• **WHAT YOU HAVE TO DO**
Leaving out the images, reproduce every line of the data that follows exactly.

Recorded data:
──────────
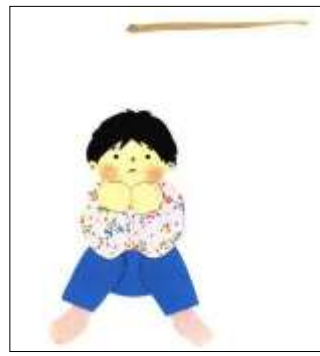
تصویر شماره‌ی ۱

چند نشانه مهم در همین درگاه ورود به دنیای متن / تصویر وجود دارد که خوانشی روان‌کاوانه را میسر می‌سازد. یکی از مهم‌ترین نشانه‌ها در رخدادهای متن عدد شش است. چنان‌که در چارچوب نظری هم آمد، شش‌سالگی مقارن آغاز دوران نهفتگی، رکود غریزه جنسی و تمرکز کودک بر فعالیت‌های مولد و سازنده است. این دوران پس از حل و فصل تعارض‌های اودیپی کودک آغاز می‌شود و پسر بچه‌ها باید در این سن از مرحله فالیک یا آلتی گذشته باشند. ماجرای احمد و ساعت، روایت آن بزنگاهی است که پسر باید سرانجام از مرحله اودیپی گذر کند و نقش پدر در این مرحله از رشد روانی جنسی کودک حیاتی است. به باور فروید، حل و فصل موفقیت‌آمیز درگیری‌های اودیپی زمانی اتفاق می‌افتد که پسر با پدرش هم‌ذات‌پنداری کند. «کودک در چهره‌ی پدر به این درک می‌رسد که شبکه‌ی اجتماعی و خانوادگی گسترده‌تری وجود دارد که او جزئی از آن است و نقشش نیز از قبل مشخص شده است» (ایگلتون، ۱۳۸۰: ۲۲۷). پسر بچه‌ها، ارزش‌ها، آرمان‌ها و هنجارهای اجتماعی پدر را درونی می‌کنند و فرامن یا سوپرایگو را تشکیل می‌دهند که به‌عنوان یک راهنمای اخلاقی درونی عمل می‌کند. این فرایند شناسایی به پسر کمک می‌کند تا در خود حس هویت جنسیتی ایجاد کند، انتظارات اجتماعی را بیاموزد و بین خواسته‌های خود و خواسته‌های اجتماعی تعادل برقرار کند. نقش پدر در مرحله فالیک، همان‌طور که فروید بیان کرده است، در تسهیل عبور موفقیت‌آمیز از مرحله اودیپی نقش اساسی دارد. حضور و مشارکت پدر، الگویی را برای پسر فراهم می‌کند تا با آن هم‌ذات‌پنداری کند و به
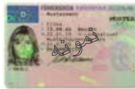
گواهینامه رانندگی ویژه صادره از کشوری دیگر
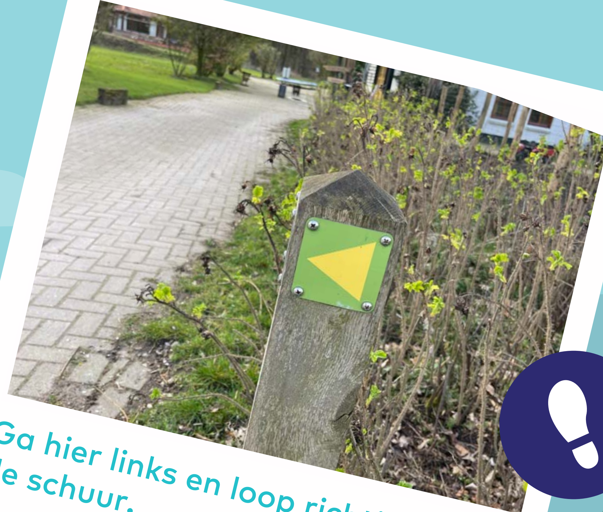
Ga hier links en loop richting de schuur.
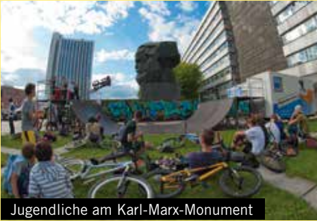
Jugendliche am Karl-Marx-Monument
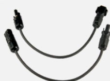
PV-Adapterset SUNCLIX-MC4 (Z360H)
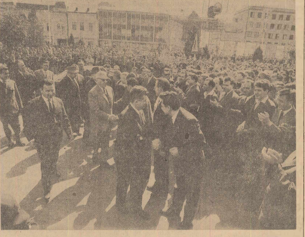
Cetățenii orașului Tg. Mureș salută cu căldură pe conducătorii de partid și de stat.

La un simplu apel telefonic stația transmite prin cablu datele în morse. Ea poate fi dotată și cu un bloc de comandă program transmisînd astfel datele și prin radio.
──────────
• **TASK RESULT**
تصویر شماره‌ی ۱

چند نشانه مهم در همین درگاه ورود به دنیای متن / تصویر وجود دارد که خوانشی روان‌کاوانه را میسر می‌سازد. یکی از مهم‌ترین نشانه‌ها در رخدادهای متن عدد شش است. چنان‌که در چارچوب نظری هم آمد، شش‌سالگی مقارن آغاز دوران نهفتگی، رکود غریزه جنسی و تمرکز کودک بر فعالیت‌های مولد و سازنده است. این دوران پس از حل و فصل تعارض‌های اودیپی کودک آغاز می‌شود و پسر بچه‌ها باید در این سن از مرحله فالیک یا آلتی گذشته باشند. ماجرای احمد و ساعت، روایت آن بزنگاهی است که پسر باید سرانجام از مرحله اودیپی گذر کند و نقش پدر در این مرحله از رشد روانی جنسی کودک حیاتی است. به باور فروید، حل و فصل موفقیت‌آمیز درگیری‌های اودیپی زمانی اتفاق می‌افتد که پسر با پدرش هم‌ذات‌پنداری کند. «کودک در چهره‌ی پدر به این درک می‌رسد که شبکه‌ی اجتماعی و خانوادگی گسترده‌تری وجود دارد که او جزئی از آن است و نقشش نیز از قبل مشخص شده است» (ایگلتون، ۱۳۸۰: ۲۲۷). پسر بچه‌ها، ارزش‌ها، آرمان‌ها و هنجارهای اجتماعی پدر را درونی می‌کنند و فرامن یا سوپرایگو را تشکیل می‌دهند که به‌عنوان یک راهنمای اخلاقی درونی عمل می‌کند. این فرایند شناسایی به پسر کمک می‌کند تا در خود حس هویت جنسیتی ایجاد کند، انتظارات اجتماعی را بیاموزد و بین خواسته‌های خود و خواسته‌های اجتماعی تعادل برقرار کند. نقش پدر در مرحله فالیک، همان‌طور که فروید بیان کرده است، در تسهیل عبور موفقیت‌آمیز از مرحله اودیپی نقش اساسی دارد. حضور و مشارکت پدر، الگویی را برای پسر فراهم می‌کند تا با آن هم‌ذات‌پنداری کند و به
گواهینامه رانندگی ویژه صادره از کشوری دیگر
Ga hier links en loop richting de schuur.
Jugendliche am Karl-Marx-Monument
PV-Adapterset SUNCLIX-MC4 (Z360H)
Cetățenii orașului Tg. Mureș salută cu căldură pe conducătorii de partid și de stat.

La un simplu apel telefonic stația transmite prin cablu datele în morse. Ea poate fi dotată și cu un bloc de comandă program transmisînd astfel datele și prin radio.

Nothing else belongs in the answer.